Most people picture an idyllic Christmas morning scene: sipping eggnog around the decorated tree while opening gifts. Not to be too bah humbug about it, but what if you get sick from that eggnog? Or what if the tree ignites? To help you dodge these and other hazards of the season, we've compiled some helpful tips.
Christmas tree fire
How often does it happen? Christmas trees account for about 200 fires annually, resulting in six deaths, 25 injuries and more than $6 million in property damage, according to the U.S. Fire Administration.
Prevention: Make a fresh cut to remove at least half an inch of wood from the base of the trunk, and place the tree in water. Keep it away from heat sources, do not leave lights on unattended, and discard the tree promptly after the holidays when it has become dry and easier to ignite.

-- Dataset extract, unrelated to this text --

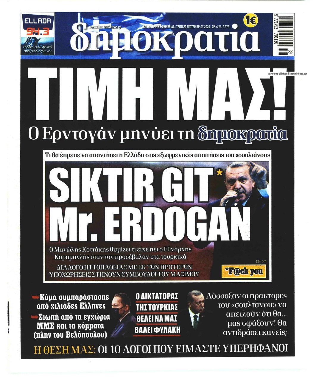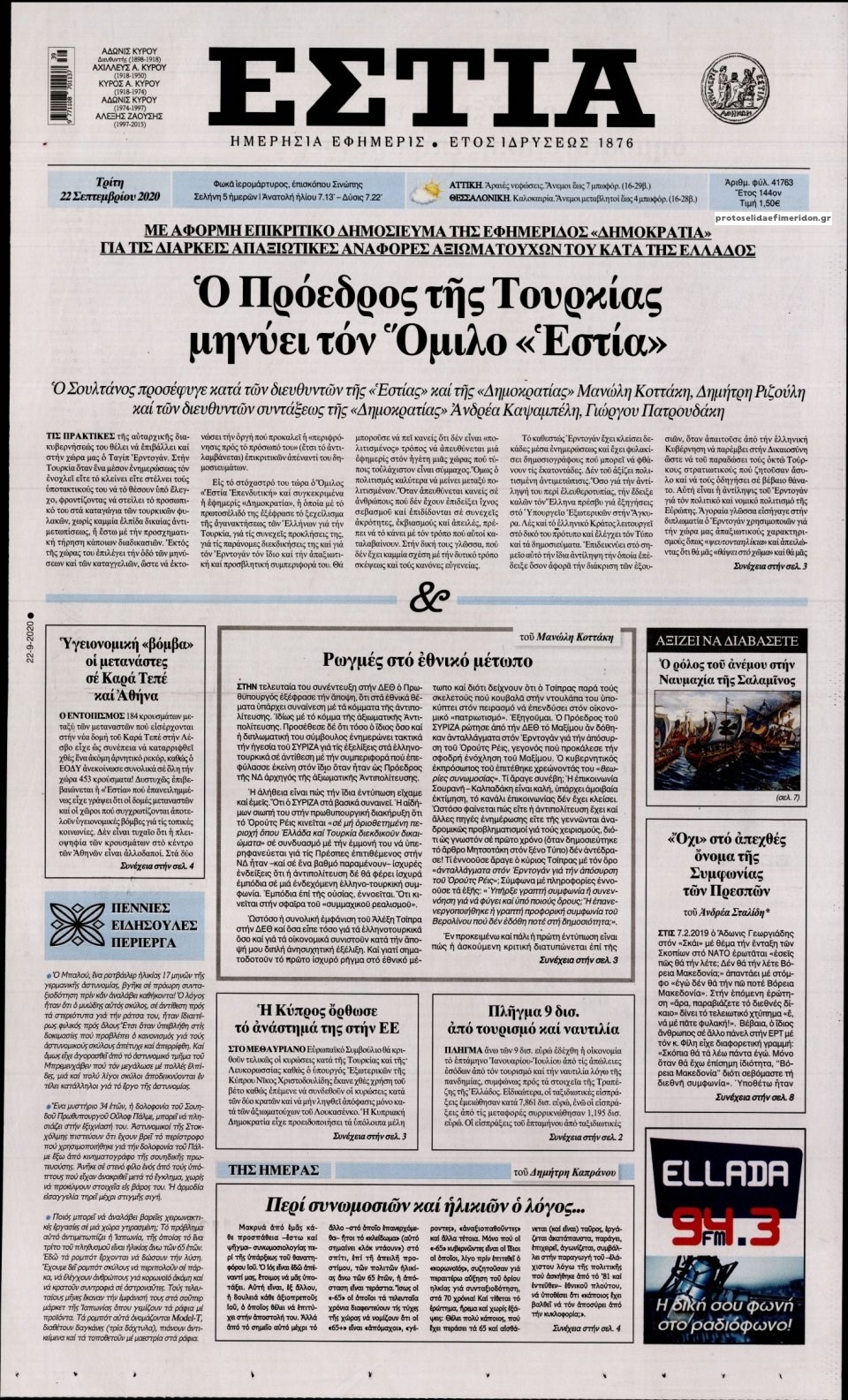 Οι πολιτικές εφημερίδες 22/9/2020 Σήφης Γαρυφαλάκης 06:30, Τρίτη 22 Σεπτεμβρίου 2020 Media Διαβάστε τα πρωτοσέλιδα των πολιτικών εφημερίδων… ΕΦΗΜΕΡΙΔΕΣ ΠΟΛΙΤΙΚΕΣ ΕΦΗΜΕΡΙΔΕΣ ΠΡΩΤΟΣΕΛΙΔΑ ΠΡΩΤΟΣΕΛΙΔΑ ΕΦΗΜΕΡΙΔΩΝ Μοιράσου το: σχολίασε κι εσύ (0 σχόλια) Ακολουθήστε το enikos.gr στο Google News και μάθετε πρώτοι όλες τις ειδήσεις Δείτε όλες τις τελευταίες ειδήσεις από την Ελλάδα και τον Κόσμο στο enikos.gr Ειδήσεις Ροή Ειδήσεων 2 ώρες πριν Χριστούγεννα στα μπλόκα: Επιμένουν στις κινητοποιήσεις τους οι αγρότες – Ανοίγουν τα διόδια το Σαββατοκύριακο 3 ώρες πριν Ουκρανία: Η άνευ προηγουμένου επίθεση σε ρωσικό τάνκερ στη Μεσόγειο και το μήνυμα προς στον Πούτιν – Το «μακρύ χέρι» του Κιέβου 2 ώρες πριν Πούτιν: Τα μηνύματα σε Ευρώπη και ΝΑΤΟ από το μαραθώνιο «σόου» του – Η απαίτηση για «σεβασμό» και η ειρήνη «με τους όρους» της Μόσχας 3 ώρες πριν Τραμπ: Δεν αποκλείει την πιθανότητα ενός πολέμου στη Βενεζουέλα – «Ο Μαδούρο ξέρει καλύτερα από τον καθένα τι ακριβώς θέλω» 3 ώρες πριν Συνεχίζει να προκαλεί ο Μίτσκοσκι: «Για μένα το όνομα Μακεδονία είναι ιερό» 2 ώρες πριν Ανακαλύφθηκαν αρχαία χρυσά νομίσματα 2.200 ετών που απεικονίζουν τον θεό Απόλλωνα – Η άγνωστη σύνδεση με τον Φίλιππο Β΄ της Μακεδονίας 3 ώρες πριν Ύπνος: Μια κρυφή κατάσταση του εγκεφάλου πριν από τον ύπνο μπορεί να είναι το “κλειδί” για υψηλή ευφυΐα και δημιουργικότητα 4 ώρες πριν Αριθμολογία: Οι άνθρωποι που έχουν γεννηθεί αυτές τις 4 ημερομηνίες, συχνά παρεξηγούνται – «Η καλοσύνη τους κρύβει τεράστια δύναμη» 5 ώρες πριν Ξεχάστε το καθάρισμα το Σαββατοκύριακο: Ο «κανόνας των 20 λεπτών» που θα σας λύσει τα χέρια 19 λεπτά πριν Φαίη Σκορδά: «Παλιότερα τα κομπλιμέντα τα προσπερνούσα, τώρα τα έχω ανάγκη» 34 λεπτά πριν Βασίλης Σπανούλης: Δεν εμφανίστηκε ούτε ένας δημοσιογράφος στην συνέντευξη Τύπου – «Καλησπέρα στον… κανέναν», δείτε βίντεο 46 λεπτά πριν Πόλεμος στην Ουκρανία: Εφτά νεκροί από ρωσική πυραυλική επίθεση στο λιμάνι της Οδησσού 49 λεπτά πριν ΗΠΑ: Η κυβέρνηση του Ντόναλντ Τραμπ άρχισε να δημοσιοποιεί τα αρχεία Έπσταϊν 1 ώρα πριν Σάμος: Άνοιξε το μπλόκο των αγροτών στον κόμβο Κοκκαρίου – Σε νέα συνεδρίαση θα καθορίσουν την στάση τους ENIKOS NETWORK Το ΕΚΑΒ τιμήθηκε από την Ακαδημία Αθηνών για τα 40 χρόνια προσφοράς του Έχετε πραγματικά μεγάλη καρδιά; 10 χαρακτηριστικά όσων έχουν καλοσύνη Αναστολή μέτρων αναγκαστικής εκτέλεσης για κτηνοτρόφους που πλήττονται από την ευλογιά των αιγοπροβάτων Πλήρης επάρκεια προϊόντων στις λαϊκές της Αττικής, παρά τις αγροτικές κινητοποιήσεις – Τι απαντούν οι πωλητές Χαρτογραφώντας το «σημείο χωρίς επιστροφή»: Για πρώτη φορά αποκαλύπτεται με λεπτομέρεια το ακανθώδες όριο της ατμόσφαιρας τ... Η Google καταργεί τη λειτουργία «dark web report» – Πώς θα μπορούν οι χρήστες να διαγράφουν τα δεδομένα τους περισσότερα 22:42 , Παρασκευή 19 Δεκεμβρίου 2025 Γιώργος Γιαννόπουλος για “Το σόι σου”: “Είναι ευτυχία και ευλογία αυτή η σειρά” «Είναι ευτυχία και ευλογία η συγκυρία αυτής της σειράς», θα πει ο Γιώργος Γιαννόπουλος -ο αγαπ... 20:37 , Παρασκευή 19 Δεκεμβρίου 2025 Don’t Forget The Lyrics: Η Έλλη Κοκκίνου υποδέχεται 4 παίκτες που θα κάνουν τα πάντα για να μη χάσουν ούτε… μισή λέξη από τους στίχους Το «Don’t Forget The Lyrics» επιστρέφει απόψε, Παρασκευή 19 Δεκεμβρίου, στις 21:00 με νέο επει... 19:31 , Παρασκευή 19 Δεκεμβρίου 2025 GNTM: Απόψε ο μεγάλος τελικός για τους 4 φιναλίστ Έπειτα από μήνες γεμάτους μόδα, δημιουργία και έντονες αναμετρή

How often does it happen? According to the National Highway Traffic Safety Administration, 38 percent of all traffic fatalities during the 2007 Christmas period and 41 percent during the 2007-08 New Year's Day period involved a drunken driver (compared with 32 percent during the rest of the year). This year could be especially risky because Christmas and New Year's Day fall on Fridays, and drunken-driving fatalities typically rise on weekends.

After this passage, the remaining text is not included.